SOURCE RECORDS section start

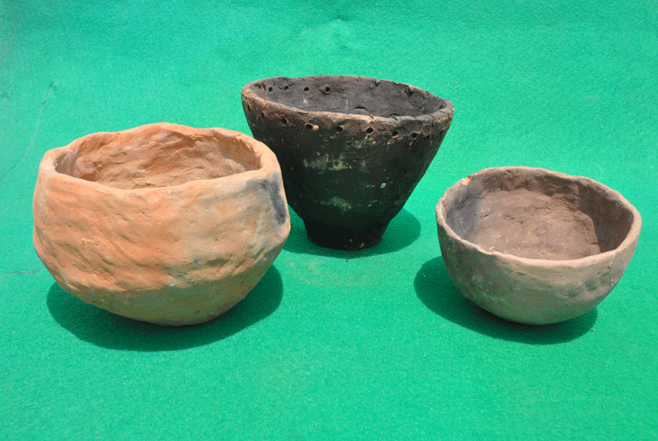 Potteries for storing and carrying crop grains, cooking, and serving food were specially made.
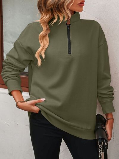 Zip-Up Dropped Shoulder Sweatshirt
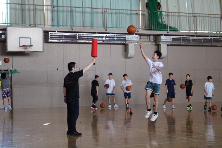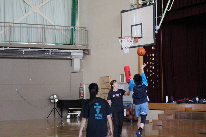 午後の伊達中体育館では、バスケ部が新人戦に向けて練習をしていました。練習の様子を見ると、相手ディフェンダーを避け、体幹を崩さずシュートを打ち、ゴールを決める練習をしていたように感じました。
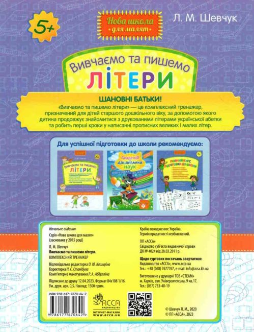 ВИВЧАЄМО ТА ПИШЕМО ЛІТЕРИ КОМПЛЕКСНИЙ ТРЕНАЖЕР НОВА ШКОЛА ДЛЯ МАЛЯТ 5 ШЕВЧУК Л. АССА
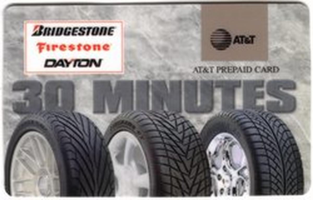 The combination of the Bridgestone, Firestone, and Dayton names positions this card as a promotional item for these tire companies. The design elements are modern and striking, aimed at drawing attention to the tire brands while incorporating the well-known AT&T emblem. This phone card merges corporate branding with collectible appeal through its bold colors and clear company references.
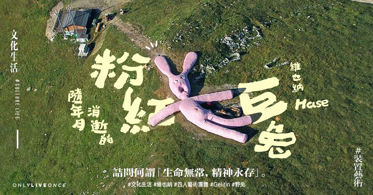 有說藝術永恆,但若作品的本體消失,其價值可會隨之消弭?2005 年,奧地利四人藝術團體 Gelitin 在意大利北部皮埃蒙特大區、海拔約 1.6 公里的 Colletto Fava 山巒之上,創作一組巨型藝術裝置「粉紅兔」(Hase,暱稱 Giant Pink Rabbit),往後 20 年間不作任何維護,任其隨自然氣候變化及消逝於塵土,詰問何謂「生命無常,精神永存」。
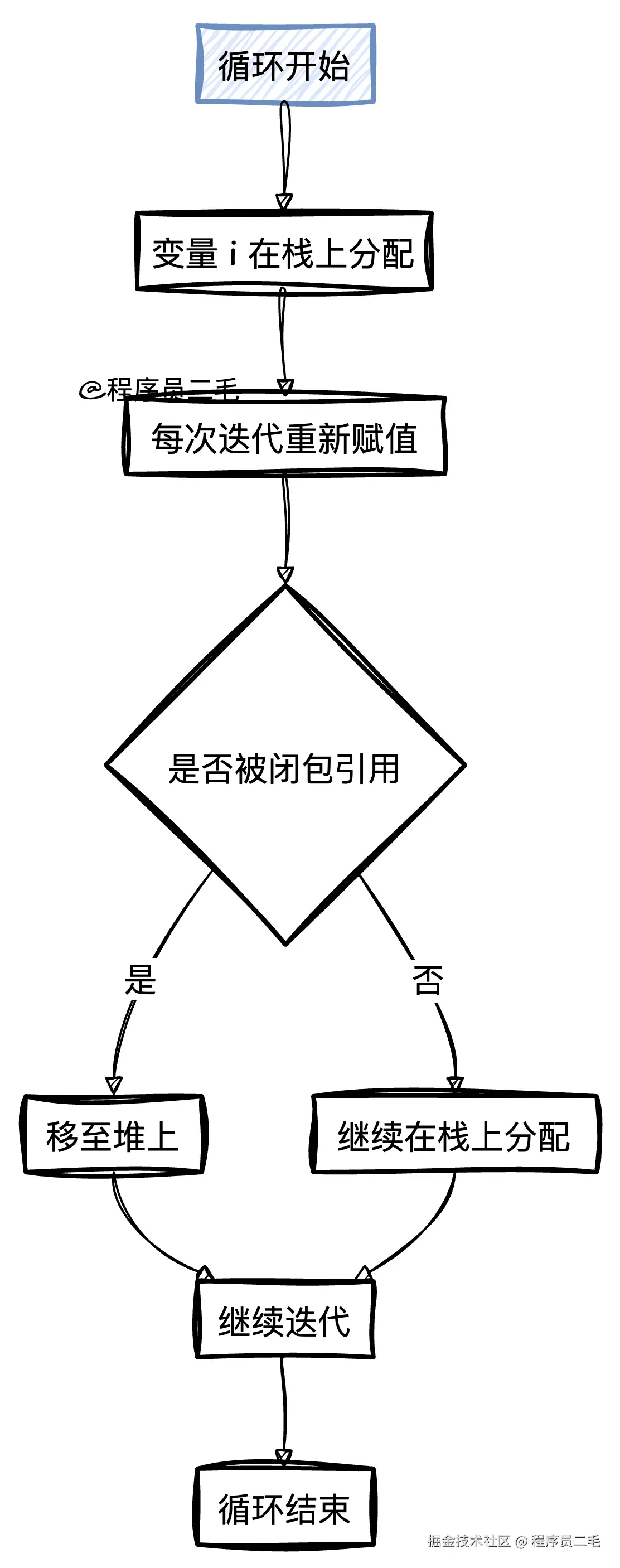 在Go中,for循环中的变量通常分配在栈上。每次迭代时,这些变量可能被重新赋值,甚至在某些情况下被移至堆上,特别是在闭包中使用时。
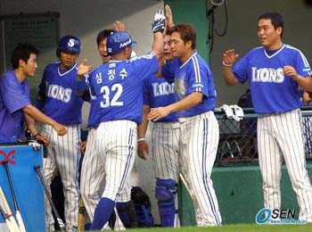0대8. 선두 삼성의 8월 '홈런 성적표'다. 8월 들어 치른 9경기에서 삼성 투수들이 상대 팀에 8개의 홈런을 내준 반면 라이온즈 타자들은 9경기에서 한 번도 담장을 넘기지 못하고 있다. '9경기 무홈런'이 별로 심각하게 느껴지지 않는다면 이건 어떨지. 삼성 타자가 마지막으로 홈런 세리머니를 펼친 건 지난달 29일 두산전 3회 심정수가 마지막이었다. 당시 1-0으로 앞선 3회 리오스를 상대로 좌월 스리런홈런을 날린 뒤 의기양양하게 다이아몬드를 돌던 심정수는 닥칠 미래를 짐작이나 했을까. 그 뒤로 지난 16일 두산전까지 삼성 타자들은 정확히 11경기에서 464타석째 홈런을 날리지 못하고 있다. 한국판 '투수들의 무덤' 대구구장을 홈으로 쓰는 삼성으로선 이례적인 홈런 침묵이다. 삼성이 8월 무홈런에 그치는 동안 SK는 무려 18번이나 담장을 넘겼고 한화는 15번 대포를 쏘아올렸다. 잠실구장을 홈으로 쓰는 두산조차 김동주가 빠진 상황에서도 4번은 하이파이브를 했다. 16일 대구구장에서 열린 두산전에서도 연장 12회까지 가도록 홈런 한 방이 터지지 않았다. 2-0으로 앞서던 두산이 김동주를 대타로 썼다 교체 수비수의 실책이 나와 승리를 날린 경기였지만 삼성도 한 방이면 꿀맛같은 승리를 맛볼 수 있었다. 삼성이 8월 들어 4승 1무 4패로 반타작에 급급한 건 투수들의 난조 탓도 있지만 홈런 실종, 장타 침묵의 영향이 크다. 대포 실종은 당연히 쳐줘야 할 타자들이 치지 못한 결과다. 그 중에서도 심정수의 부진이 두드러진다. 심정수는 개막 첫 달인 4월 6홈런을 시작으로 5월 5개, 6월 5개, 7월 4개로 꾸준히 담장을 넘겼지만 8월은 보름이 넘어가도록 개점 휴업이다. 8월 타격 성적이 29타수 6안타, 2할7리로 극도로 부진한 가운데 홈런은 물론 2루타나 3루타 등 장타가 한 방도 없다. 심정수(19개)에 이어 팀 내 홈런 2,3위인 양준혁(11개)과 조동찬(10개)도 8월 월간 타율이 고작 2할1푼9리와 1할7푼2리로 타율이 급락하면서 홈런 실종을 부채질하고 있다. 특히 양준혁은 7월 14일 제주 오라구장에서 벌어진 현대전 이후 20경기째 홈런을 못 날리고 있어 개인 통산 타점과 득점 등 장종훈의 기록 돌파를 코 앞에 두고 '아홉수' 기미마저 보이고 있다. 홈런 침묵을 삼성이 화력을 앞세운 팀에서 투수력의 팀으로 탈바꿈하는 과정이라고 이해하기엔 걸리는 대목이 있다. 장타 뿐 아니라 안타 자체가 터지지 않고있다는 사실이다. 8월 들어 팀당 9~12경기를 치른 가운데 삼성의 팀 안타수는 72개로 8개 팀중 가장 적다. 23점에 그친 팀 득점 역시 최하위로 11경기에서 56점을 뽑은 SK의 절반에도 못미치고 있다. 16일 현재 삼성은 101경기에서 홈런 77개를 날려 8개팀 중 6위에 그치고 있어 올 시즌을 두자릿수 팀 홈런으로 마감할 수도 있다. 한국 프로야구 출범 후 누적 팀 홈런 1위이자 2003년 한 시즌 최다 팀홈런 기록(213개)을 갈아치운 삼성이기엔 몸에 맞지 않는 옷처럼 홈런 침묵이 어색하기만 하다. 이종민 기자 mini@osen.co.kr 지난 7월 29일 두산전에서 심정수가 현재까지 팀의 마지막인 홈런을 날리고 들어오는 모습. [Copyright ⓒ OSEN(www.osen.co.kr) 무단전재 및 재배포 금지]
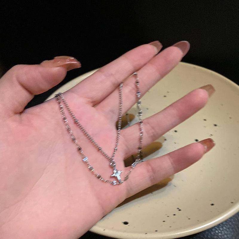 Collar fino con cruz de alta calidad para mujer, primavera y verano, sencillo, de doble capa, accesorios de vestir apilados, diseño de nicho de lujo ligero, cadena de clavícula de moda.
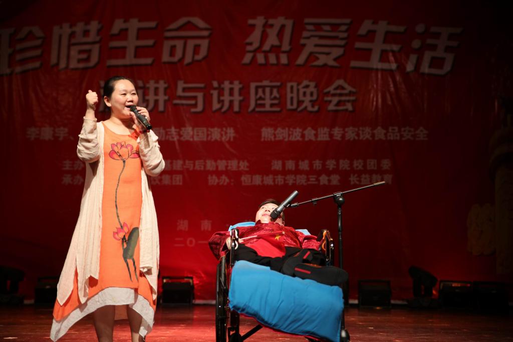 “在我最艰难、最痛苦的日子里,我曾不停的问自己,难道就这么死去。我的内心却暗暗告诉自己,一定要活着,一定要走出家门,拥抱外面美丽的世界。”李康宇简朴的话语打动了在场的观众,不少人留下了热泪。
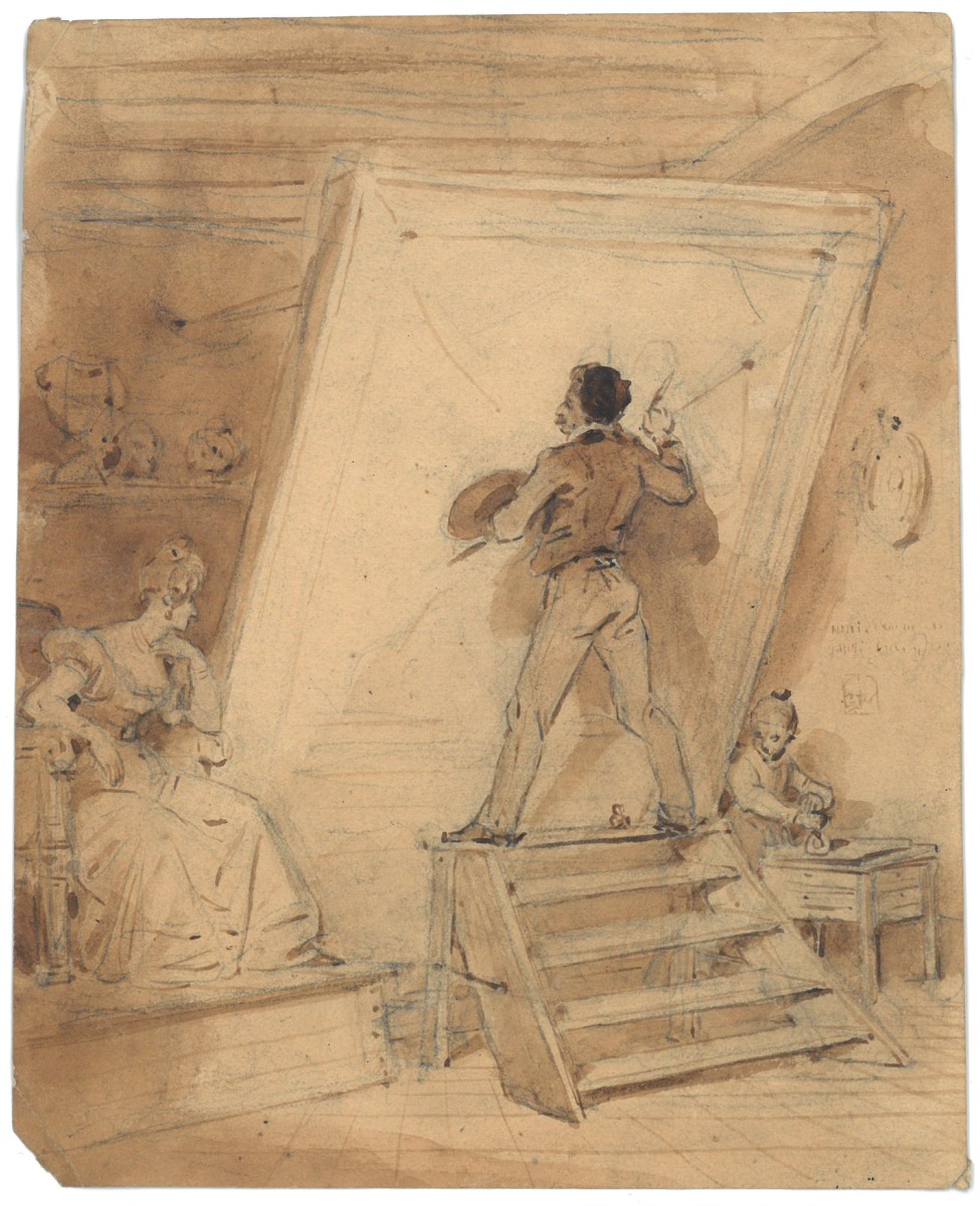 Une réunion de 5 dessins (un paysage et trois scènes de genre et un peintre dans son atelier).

SOURCE RECORDS section end

_WORK ORDER_:
Among the entries above, copy exactly the stretch from the line holding "午後の伊達中体育館では、バス" through the line holding "在Go中,for循环中的变量", leaving out any pictures.

_RESPONSE FOR THIS EXERCISE_:
 午後の伊達中体育館では、バスケ部が新人戦に向けて練習をしていました。練習の様子を見ると、相手ディフェンダーを避け、体幹を崩さずシュートを打ち、ゴールを決める練習をしていたように感じました。
 ВИВЧАЄМО ТА ПИШЕМО ЛІТЕРИ КОМПЛЕКСНИЙ ТРЕНАЖЕР НОВА ШКОЛА ДЛЯ МАЛЯТ 5 ШЕВЧУК Л. АССА
 The combination of the Bridgestone, Firestone, and Dayton names positions this card as a promotional item for these tire companies. The design elements are modern and striking, aimed at drawing attention to the tire brands while incorporating the well-known AT&T emblem. This phone card merges corporate branding with collectible appeal through its bold colors and clear company references.
 有說藝術永恆,但若作品的本體消失,其價值可會隨之消弭?2005 年,奧地利四人藝術團體 Gelitin 在意大利北部皮埃蒙特大區、海拔約 1.6 公里的 Colletto Fava 山巒之上,創作一組巨型藝術裝置「粉紅兔」(Hase,暱稱 Giant Pink Rabbit),往後 20 年間不作任何維護,任其隨自然氣候變化及消逝於塵土,詰問何謂「生命無常,精神永存」。
 在Go中,for循环中的变量通常分配在栈上。每次迭代时,这些变量可能被重新赋值,甚至在某些情况下被移至堆上,特别是在闭包中使用时。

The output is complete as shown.